(WHAT THE EXERCISE ASKS) Go to the line with "[03:19.77] | 目を閉じればもうそこはEDEN |" in the entries below and write out every line from there through the line with "- Il secondo", exactly and without pictures.

Segment Start: DATA FOR ANALYSIS

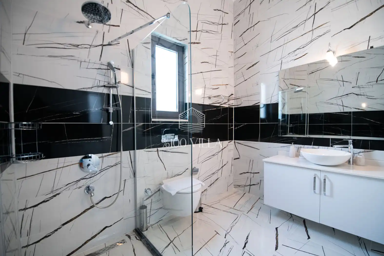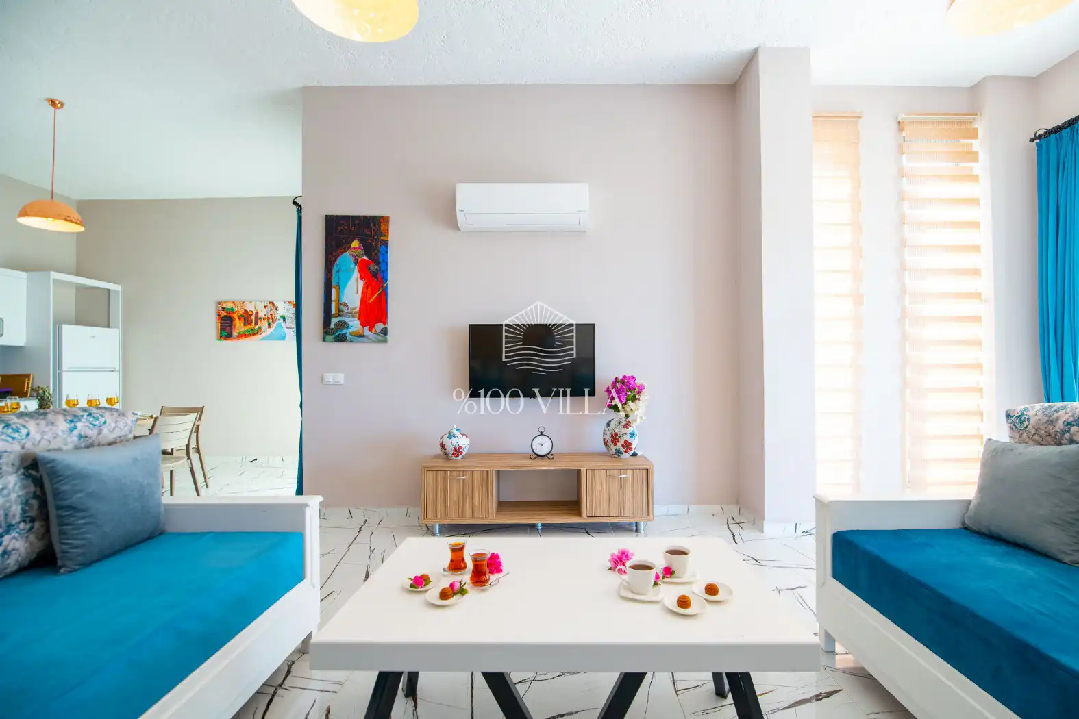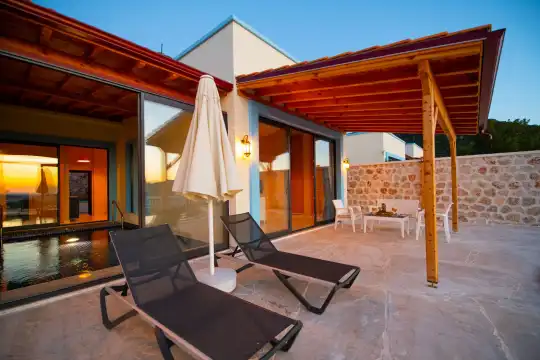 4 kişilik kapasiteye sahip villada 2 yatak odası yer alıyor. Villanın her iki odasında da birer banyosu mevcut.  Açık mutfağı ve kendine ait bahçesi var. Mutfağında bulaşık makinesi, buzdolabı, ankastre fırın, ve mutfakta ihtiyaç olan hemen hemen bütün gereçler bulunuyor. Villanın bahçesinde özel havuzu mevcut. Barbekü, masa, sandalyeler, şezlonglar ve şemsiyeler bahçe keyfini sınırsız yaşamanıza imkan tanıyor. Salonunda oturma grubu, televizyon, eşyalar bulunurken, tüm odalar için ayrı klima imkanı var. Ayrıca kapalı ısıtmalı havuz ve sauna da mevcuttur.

Segment End: DATA FOR ANALYSIS
Segment Start: DATA FOR ANALYSIS

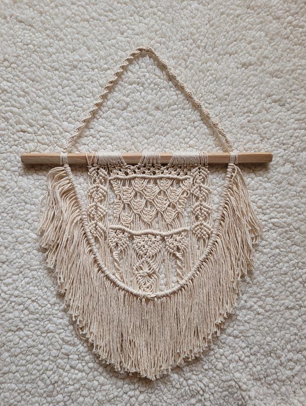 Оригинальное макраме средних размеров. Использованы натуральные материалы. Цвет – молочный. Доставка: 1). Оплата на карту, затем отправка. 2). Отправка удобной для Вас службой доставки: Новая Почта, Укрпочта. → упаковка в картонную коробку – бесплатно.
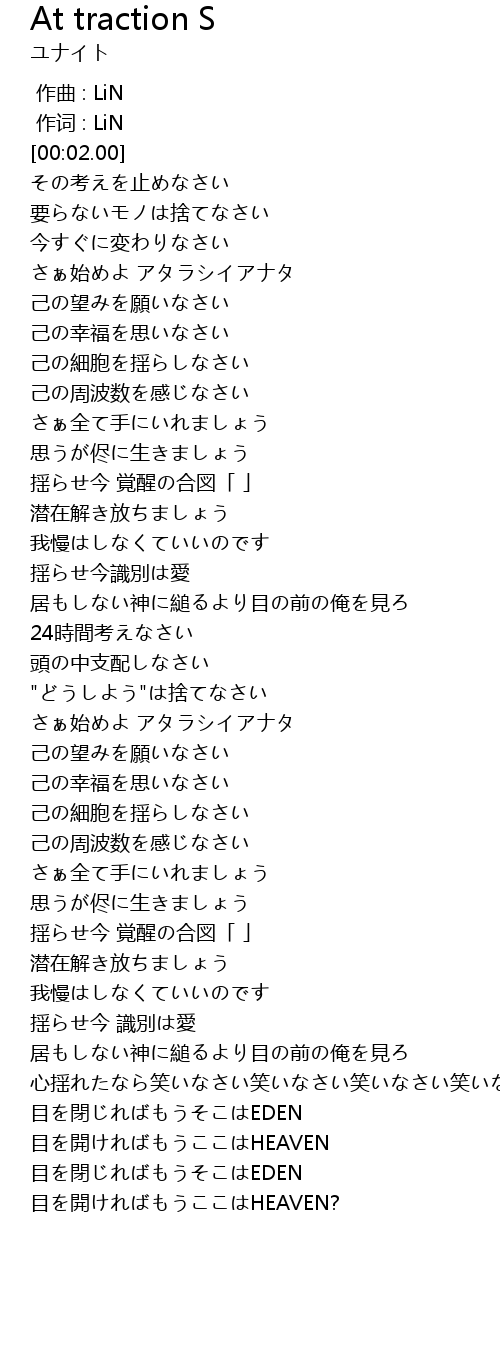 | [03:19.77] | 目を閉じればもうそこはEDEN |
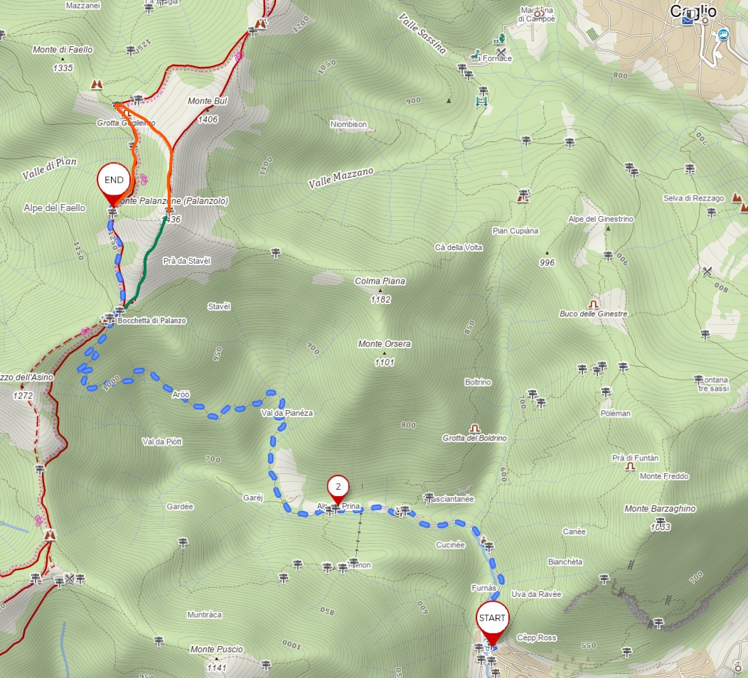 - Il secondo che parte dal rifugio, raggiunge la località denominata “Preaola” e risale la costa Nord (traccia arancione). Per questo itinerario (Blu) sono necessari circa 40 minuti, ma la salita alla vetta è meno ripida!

Segment End: DATA FOR ANALYSIS

(YOUR RESPONSE)
 | [03:19.77] | 目を閉じればもうそこはEDEN |
 - Il secondo che parte dal rifugio, raggiunge la località denominata “Preaola” e risale la costa Nord (traccia arancione). Per questo itinerario (Blu) sono necessari circa 40 minuti, ma la salita alla vetta è meno ripida!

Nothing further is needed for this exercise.